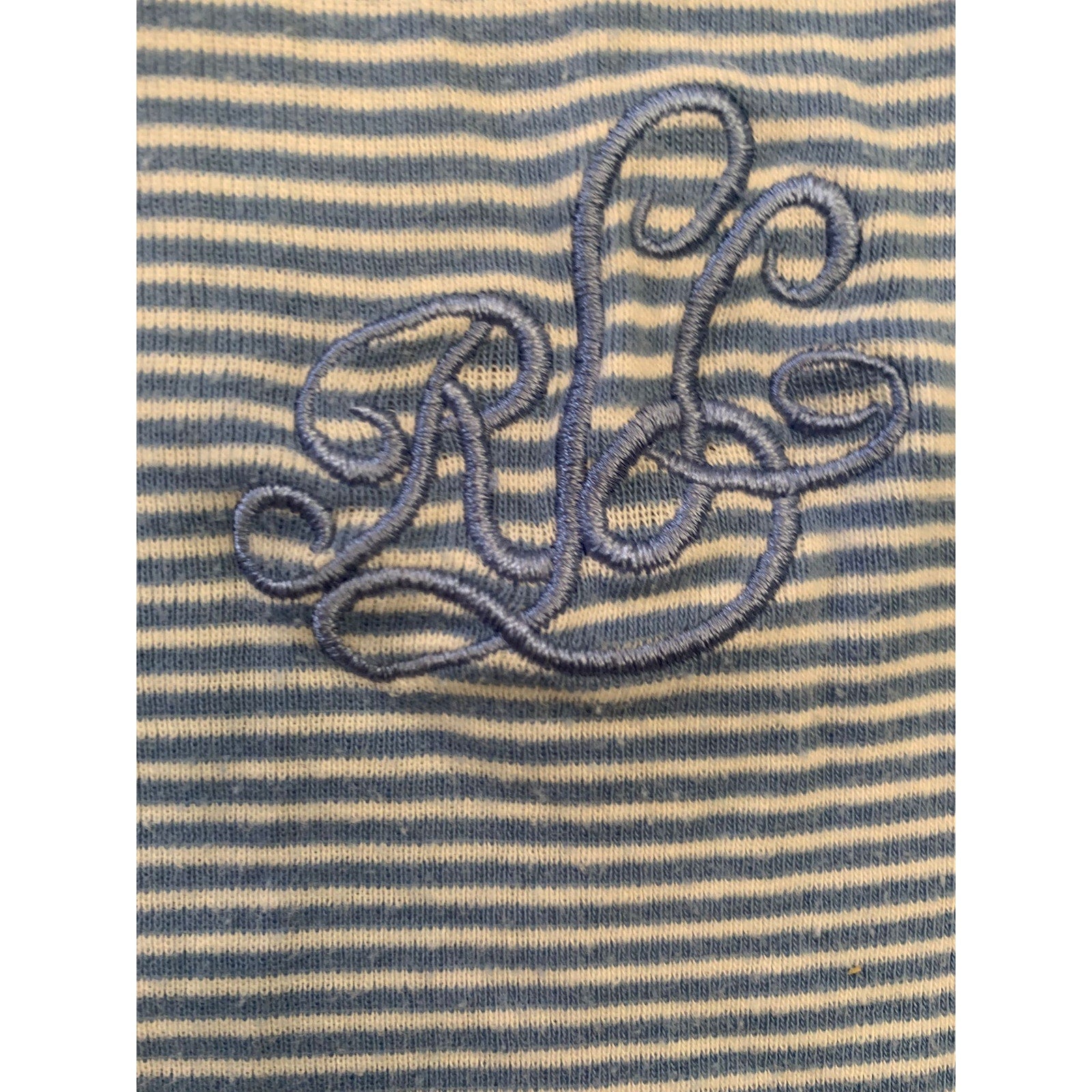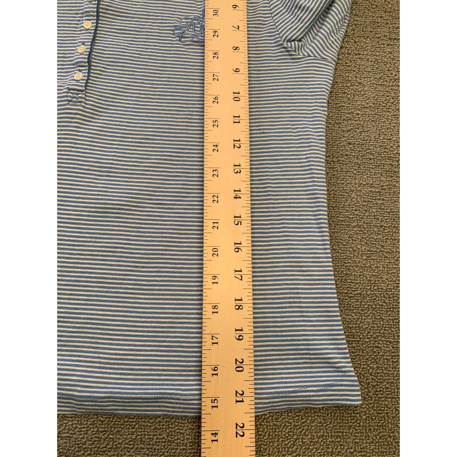 Soft top by Lauren Ralph Lauren in light blue and white horizontal stripes, featuring a three-button placket and subtle “LRL” logo embroidery—adds a refined, casual touch.
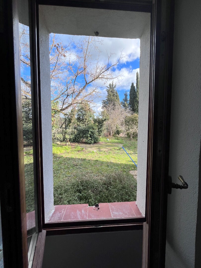 La vue donne sur le jardin et sur la terrasse qui est dédiée à l'appartement.
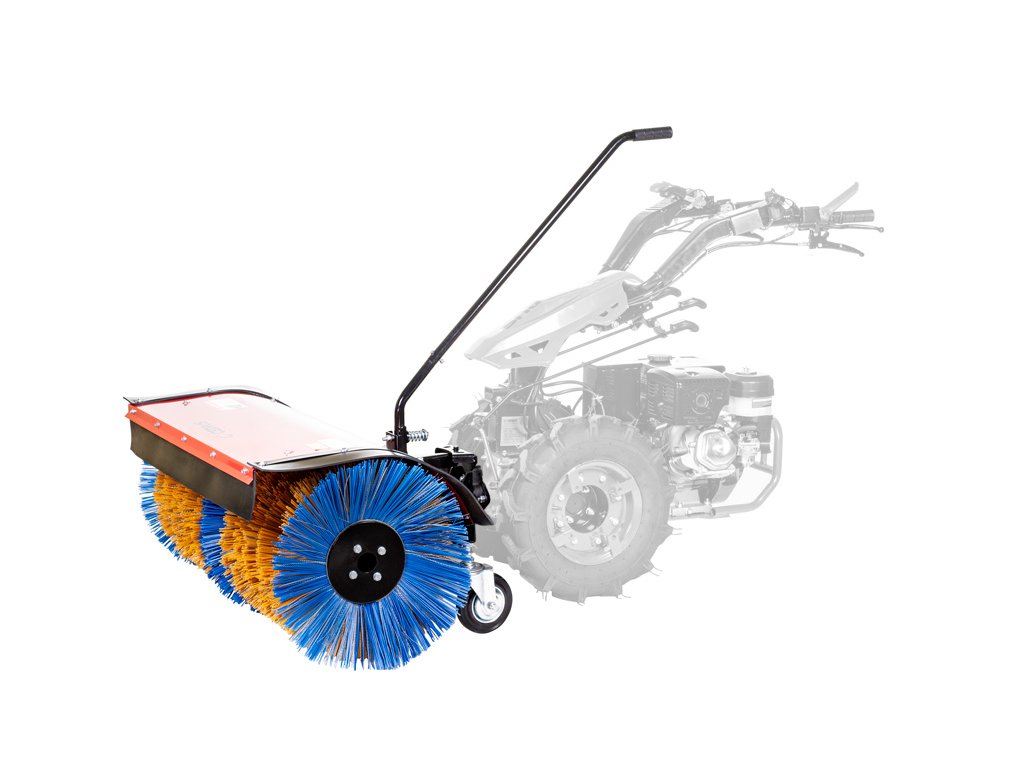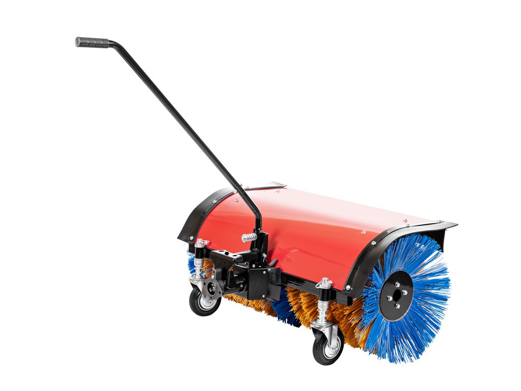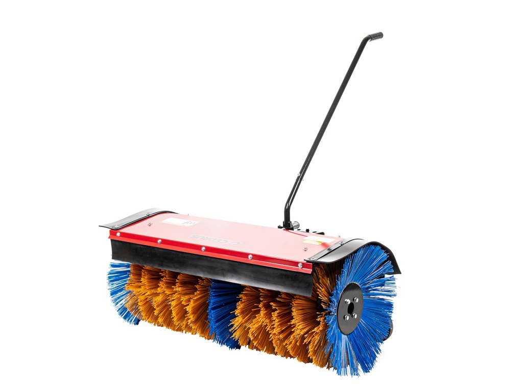 - Kartáč má ocelovou konstrukci s ochranným pláštěm a samonastavitelná kolečka pro snadnou manipulaci. Regulace výšky kartáče umožňuje přizpůsobení podle potřeb a podmínek terénu. Tento model je odolný a dlouhotrvající, ideální pro údržbu veřejných prostor nebo větších ploch.

-- What is needed --
Transcribe, word for word, only the material from its opening line through the line containing "La vue donne", both ends included, and omit the pictures.

-- Solution to the problem --
 Soft top by Lauren Ralph Lauren in light blue and white horizontal stripes, featuring a three-button placket and subtle “LRL” logo embroidery—adds a refined, casual touch.
 La vue donne sur le jardin et sur la terrasse qui est dédiée à l'appartement.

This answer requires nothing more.